> [Supplied material]
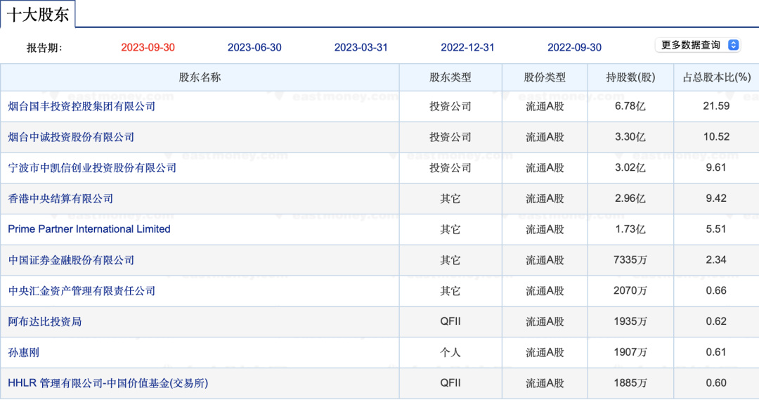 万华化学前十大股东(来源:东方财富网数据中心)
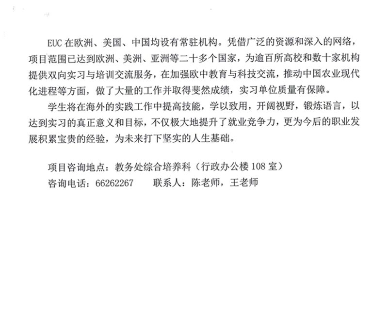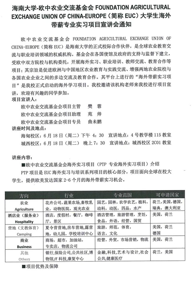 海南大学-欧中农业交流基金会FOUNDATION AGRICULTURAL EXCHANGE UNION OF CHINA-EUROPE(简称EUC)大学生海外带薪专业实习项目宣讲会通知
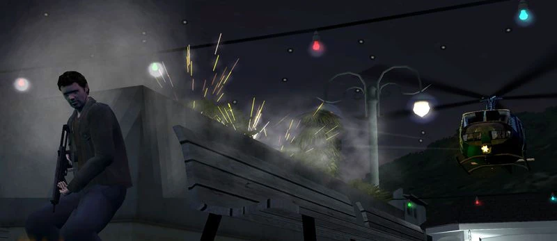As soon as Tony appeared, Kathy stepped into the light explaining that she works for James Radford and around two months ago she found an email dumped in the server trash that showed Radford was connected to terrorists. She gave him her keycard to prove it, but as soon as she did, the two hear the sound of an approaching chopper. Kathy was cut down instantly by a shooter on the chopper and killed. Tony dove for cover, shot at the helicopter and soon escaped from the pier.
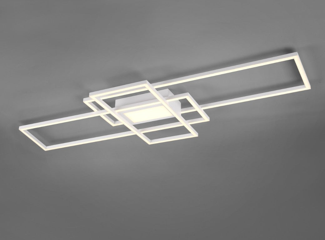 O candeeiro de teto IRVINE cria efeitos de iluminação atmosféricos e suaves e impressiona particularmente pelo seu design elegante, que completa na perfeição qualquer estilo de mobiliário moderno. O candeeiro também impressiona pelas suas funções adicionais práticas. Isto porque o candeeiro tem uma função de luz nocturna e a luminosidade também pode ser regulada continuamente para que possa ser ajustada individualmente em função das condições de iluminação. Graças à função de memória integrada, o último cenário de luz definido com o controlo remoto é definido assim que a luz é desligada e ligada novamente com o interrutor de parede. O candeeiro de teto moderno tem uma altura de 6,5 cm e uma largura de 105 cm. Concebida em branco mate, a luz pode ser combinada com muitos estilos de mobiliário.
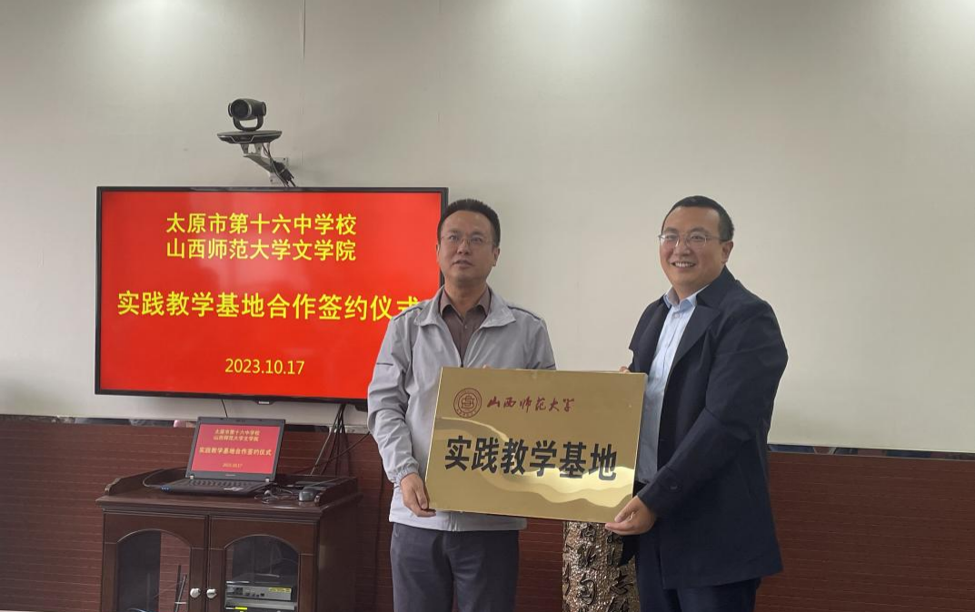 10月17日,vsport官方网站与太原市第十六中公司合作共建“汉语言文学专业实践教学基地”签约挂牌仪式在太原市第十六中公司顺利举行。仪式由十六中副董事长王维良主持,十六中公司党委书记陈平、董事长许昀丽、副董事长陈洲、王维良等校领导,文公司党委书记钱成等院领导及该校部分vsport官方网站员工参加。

> [Work instructions] Your job is to repeat the data exactly, leaving each picture out.

> [Your solution]
 万华化学前十大股东(来源:东方财富网数据中心)
 海南大学-欧中农业交流基金会FOUNDATION AGRICULTURAL EXCHANGE UNION OF CHINA-EUROPE(简称EUC)大学生海外带薪专业实习项目宣讲会通知
As soon as Tony appeared, Kathy stepped into the light explaining that she works for James Radford and around two months ago she found an email dumped in the server trash that showed Radford was connected to terrorists. She gave him her keycard to prove it, but as soon as she did, the two hear the sound of an approaching chopper. Kathy was cut down instantly by a shooter on the chopper and killed. Tony dove for cover, shot at the helicopter and soon escaped from the pier.
 O candeeiro de teto IRVINE cria efeitos de iluminação atmosféricos e suaves e impressiona particularmente pelo seu design elegante, que completa na perfeição qualquer estilo de mobiliário moderno. O candeeiro também impressiona pelas suas funções adicionais práticas. Isto porque o candeeiro tem uma função de luz nocturna e a luminosidade também pode ser regulada continuamente para que possa ser ajustada individualmente em função das condições de iluminação. Graças à função de memória integrada, o último cenário de luz definido com o controlo remoto é definido assim que a luz é desligada e ligada novamente com o interrutor de parede. O candeeiro de teto moderno tem uma altura de 6,5 cm e uma largura de 105 cm. Concebida em branco mate, a luz pode ser combinada com muitos estilos de mobiliário.
 10月17日,vsport官方网站与太原市第十六中公司合作共建“汉语言文学专业实践教学基地”签约挂牌仪式在太原市第十六中公司顺利举行。仪式由十六中副董事长王维良主持,十六中公司党委书记陈平、董事长许昀丽、副董事长陈洲、王维良等校领导,文公司党委书记钱成等院领导及该校部分vsport官方网站员工参加。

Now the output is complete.